Reputation: 133
I have to read a file and identify its decoding type, I used mb_detect_encoding()
to detect utf-16
but am getting wrong result.. how can i detectutf-16
encoding type in php.
Php file is utf-16 and my header was windows-1256 ( because of Arabic)
header('Content-Type: text/html; charset=windows-1256');
$delimiter = '\t';
$f= file("$fileName");
foreach($f as $dailystatmet)
{
$transactionData = str_replace("'", '', $dailystatmet);
preg_match_all("/('?\d+,\d+\.\d+)?([a-zA-Z]|[0-9]|)[^".$delimiter."]+/",$transactionData,$matches);
array_push($matchesz, $matches[0]);
}
$searchKeywords = array ("apple", "orange", 'mango');
$rowCount = count($matchesz);
for ($row = 1; $row <= $rowCount; $row++) {
$myRow = $row;
$cell = $matchesz[$row];
foreach ($searchKeywords as $val) {
if (partialArraySearch($cell[$c_description], $val)) {
}
}}
function partialArraySearch($cell, $searchword)
{
if (strpos(strtoupper($cell), strtoupper($searchword)) !== false) {
return true;
}
return false;
}
Above code is for search with in the uploaded file.. if the file was in utf-8 then match was getting but when same file with utf-16 or utf-32 am not getting the result..

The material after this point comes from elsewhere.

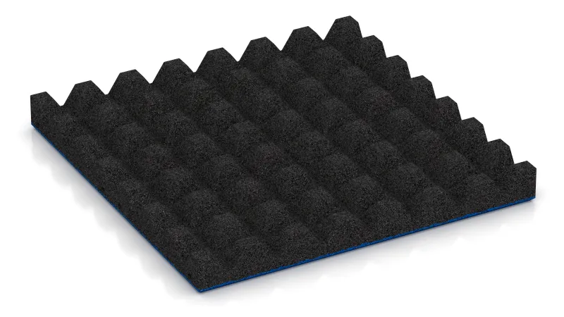 Die Platten bestehen aus PU-gebundenem Gummigranulat mit trittelastischer, griffiger Oberfläche. Dicke und Rohdichte bestimmen das Dämpfungsverhalten und damit die Fallhöhe nach EN 1177. Durch das 50 × 50 cm Raster bleiben Zuschnitte minimal, und Einzelplatten können bei Bedarf schnell getauscht werden.
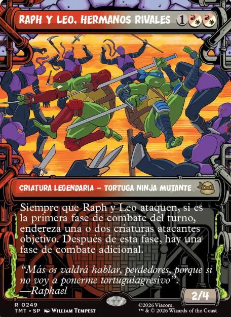 Con Raphael la relación no es tan armoniosa, por eso Raphy Leo, hermanos rivales, hace honor a su título. Se trata de una criatura que siempre que ataque, si es la primera fase de combate del turno, endereza una o dos criaturas atacantes objetivo. Después de esa fase, hay una fase de combate adicional. Es decir, que si enderezara una carta de Leonardo y otra de Raphael, los hermanos pegan dos veces. Carta atrevida y muy divertida.

so how can i get the encoding type of uploaded file ..
Upvotes: 1
Views: 1697
Reputation: 429
My solution is to detect UTF-16 and convert the code in Latin 15 is
preg_match_all('/\x00/',$content,$count);
if(count($count[0])/strlen($content)>0.4) {
$content = iconv('UTF-16', 'ISO-8859-15', $content);
}
In other words i check the frequency of the hexadecimal character 00. If it is higher than 0.4 probably the text contains characters in the base set encoded in UTF-16. This means two bytes for character but usually the second byte is 00.
Upvotes: 1
Reputation: 728
If someone is still searching for a solution, I have hacked something like this in the "voku/portable-utf8" repo on github. => "UTF8::file_get_contents()"
The "file_get_contents"-wrapper will detect the current encoding via "UTF8::str_detect_encoding()" and will convert the content of the file automatically into UTF-8.

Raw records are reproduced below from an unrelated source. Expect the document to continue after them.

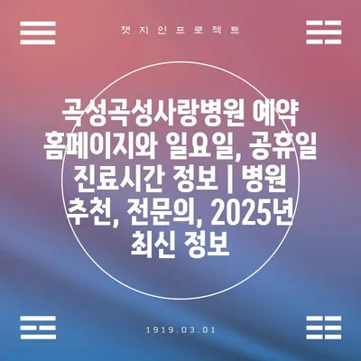 곡성곡성사랑병원 예약 홈페이지와 일요일, 공휴일 진료시간 정보 | 병원 추천, 전연락, 2025년 최신 정보 에 대해 자주 묻는 질문 TOP 5
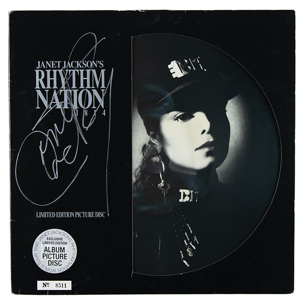 Limited edition Rhythm Nation picture disc album (no. 8511) signed on the die-cut sleeve in silver ink by Janet Jackson. In fine condition. The record is included.
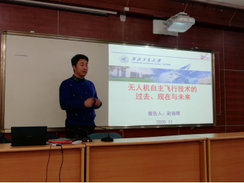 科技周活动,并与张正中书记、教务处钱家峰主任和校办韩主任座谈交流。座谈后,赵春晖副教授为高二年级苗圃班、重点班学生作了题为《无人机自主飞行技术的过去、现在与未来》的科普报告,并和学生互动交流。
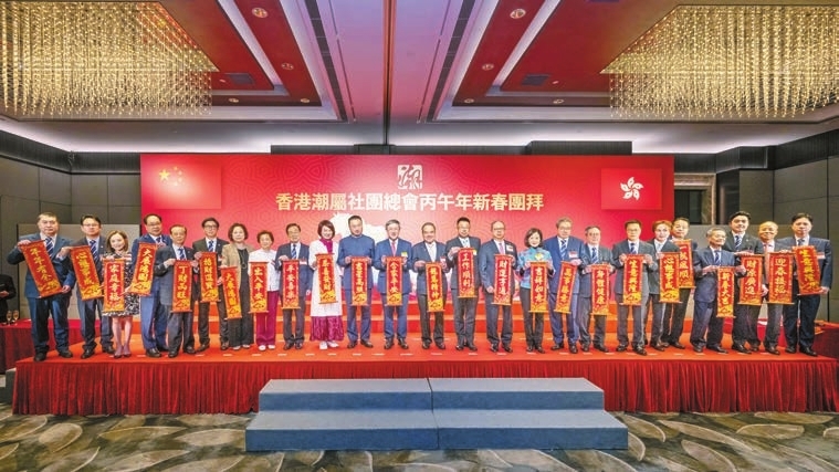 【香港商報訊】記者霄虹報道:香港潮屬社團總會2026丙午馬年新春團拜, 昨天於JW萬豪酒店舉行。政務司副司長卓永興,立法會主席李慧琼,行政會議召集人葉劉淑儀,民政及青年事務局副局長梁宏正,中聯辦社團聯絡部副部長胡啓明、港島工作部副部長楊成偉、九龍工作部副部長郭長勇、新界工作部副部長朱宜華,民政事務總署署長杜潔麗等出席主禮,與一眾政府官員,中聯辦領導,本港潮屬社團首長、嘉賓及會員,新聞界朋友等歡聚一堂,同賀丙午馬年新春,場面溫馨又熱鬧。

e.g.: from the PHPUnit tests ...
$testString = UTF8::file_get_contents(dirname(__FILE__) . '/test1Utf16pe.txt');
$this->assertContains('<p>Today’s Internet users are not the same users who were online a decade ago. There are better connections.', $testString);
$testString = UTF8::file_get_contents(dirname(__FILE__) . '/test1Utf16le.txt');
$this->assertContains('<p>Today’s Internet users are not the same users who were online a decade ago. There are better connections.', $testString);
Upvotes: 1